The corn and soybeans that make ethanol and biodiesel require huge quantities of fossil fuel in the necessary farm machinery, pesticides and fertilizer. Much of the fossil fuel comes from foreign sources, including some that may not be dependable, such as Russia and the Mideast.

Corn and soybean production as practiced in the Midwest is ecologically unsustainable. Its effects include massive topsoil erosion; pollution of surface and ground water with pesticides; and fertilizer runoff that travels down the Mississippi to deplete oxygen from a New Jersey-sized portion of the Gulf of Mexico.

Improving fuel efficiency in cars by just 1 mile per gallon -- possible with proper tire inflation -- would cut fuel consumption equal to the total amount of ethanol federally mandated for production in 2012.

The focus on biofuels as a silver bullet to solve our energy and climate-change crises is at best misguided.
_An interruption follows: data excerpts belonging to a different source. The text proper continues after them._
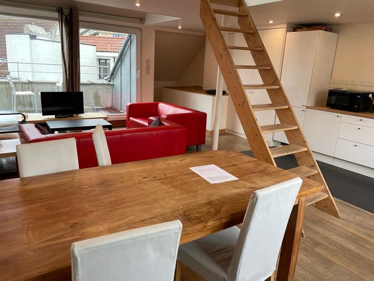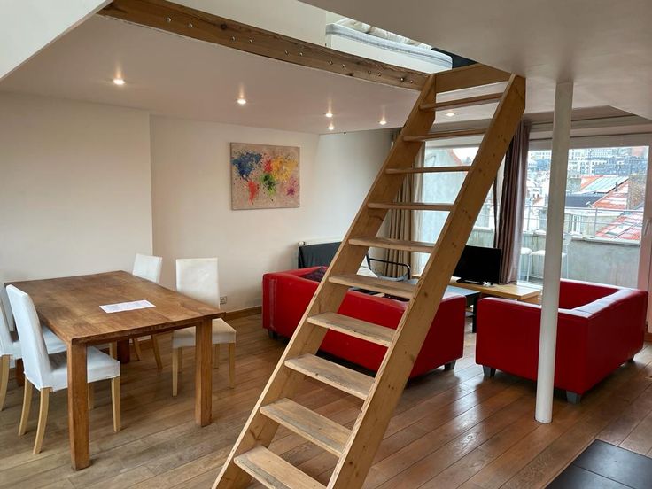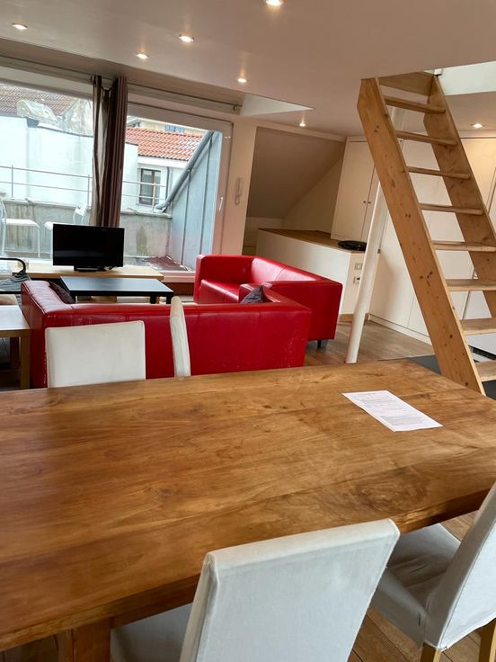 Superbe appartement Duplex de +/- 70m² dans une belle maison de ville. Appartement entièrement rafraîchi en 2025. 1ère location). Escalier privatif donnant sur un grand séjour ouverte avec cuisine et toilette séparée. A l'étage, la chambre et la salle de douche. Parquet dans toutes les pièces, cuisine full équipée, lave-linge et séchoir prévu dans l'immeuble (a partager). Très calme et lumineux. Terrasse de 6m² orientée sud est.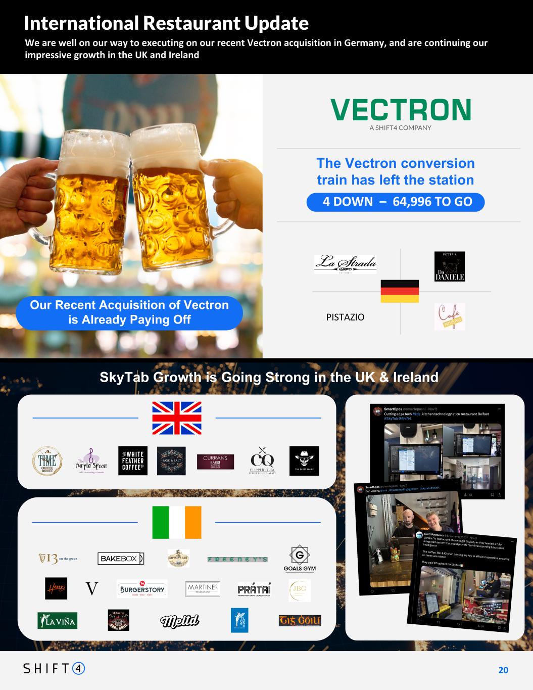 We are well on our way to executing on our recent Vectron acquisition in Germany, and are continuing our impressive growth in the UK and Ireland 2 0 20 International Restaurant Update The Vectron conversion train has left the station DRAFT IN PROGRESS - getting UK logos by Thursday (11/7) EODPISTAZIO Our Recent Acquisition of Vectron is Already Paying Off 4 DOWN – 64,996 TO GO SkyTab Growth is Going Strong in the UK & Ireland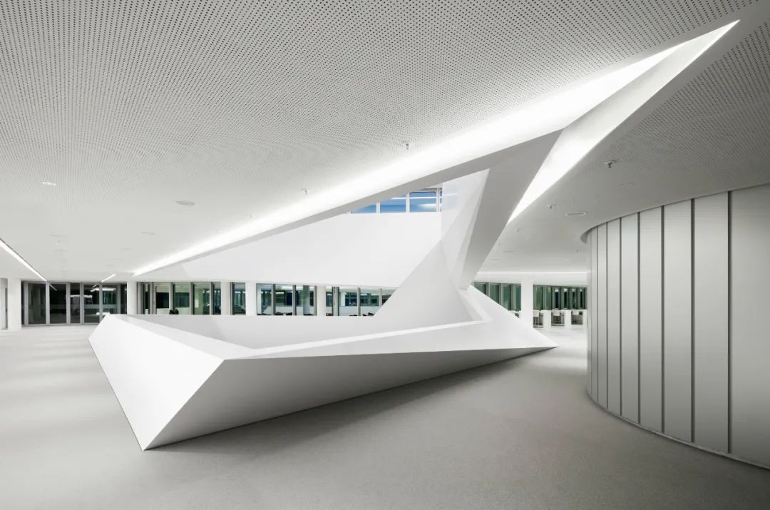 The structure was given a newly designed foyer. The triangular air space, which allows views from the foyer up to the three floors above, was transformed into a dynamic space made from unfolded polygonal surfaces. Daylight streams through the triangular glass mono-pitch roof onto the matte white, solid surfaces of this crystalline spatial sculpture.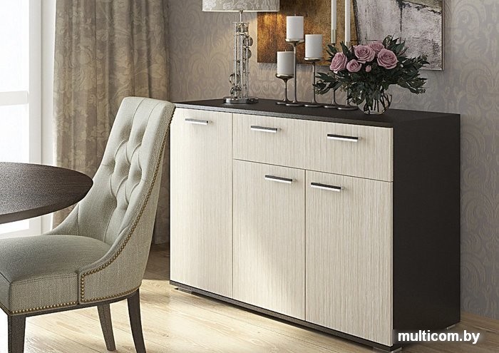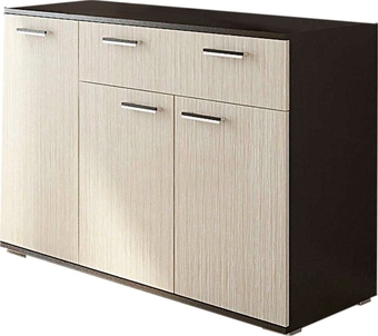 | Информация | Комод — привлекательный и современный, практичный и функциональный, будет уместен и востребован, где бы вы его не разместили. Комод разделен на три секции: горизонтальный выдвижной ящик, полки под ним за двумя распашными дверцами и закрытое одностворчатое отделение. Металлические ручки-скобы, светлый фасад в темном обрамлении придают комоду элегантный вид, он может украсить собой любое помещение, разместив при этом множество нужных вещей. |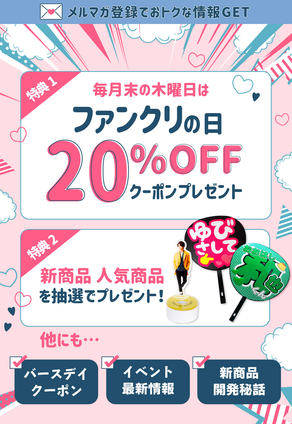 メルマガ会員限定のお得な情報をお届けします。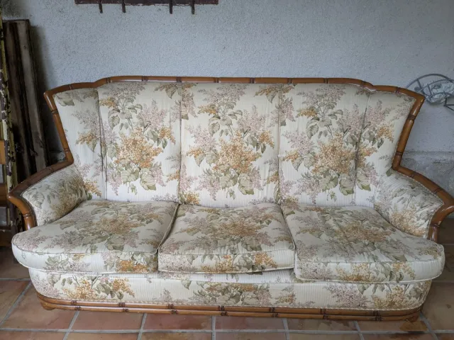 Sofá y 2 butacas de tela y madera

At worst, it is a scheme that could have disastrous environmental consequences. And it will have little effect on our fossil-fuel dependence.

We must reduce energy use now if we hope to kick our oil addiction and slow climate change. Pushing biofuels at the expense of energy conservation today will only make our problems more severe, and their solutions more painful, tomorrow.

Julia Olmstead, an Iowa State University graduate student in plant breeding and sustainable agriculture and a graduate fellow at the Land Institute, in Salina, Kan., wrote this for the institute's Prairie Writers Circle. It was published by The Providence Journal.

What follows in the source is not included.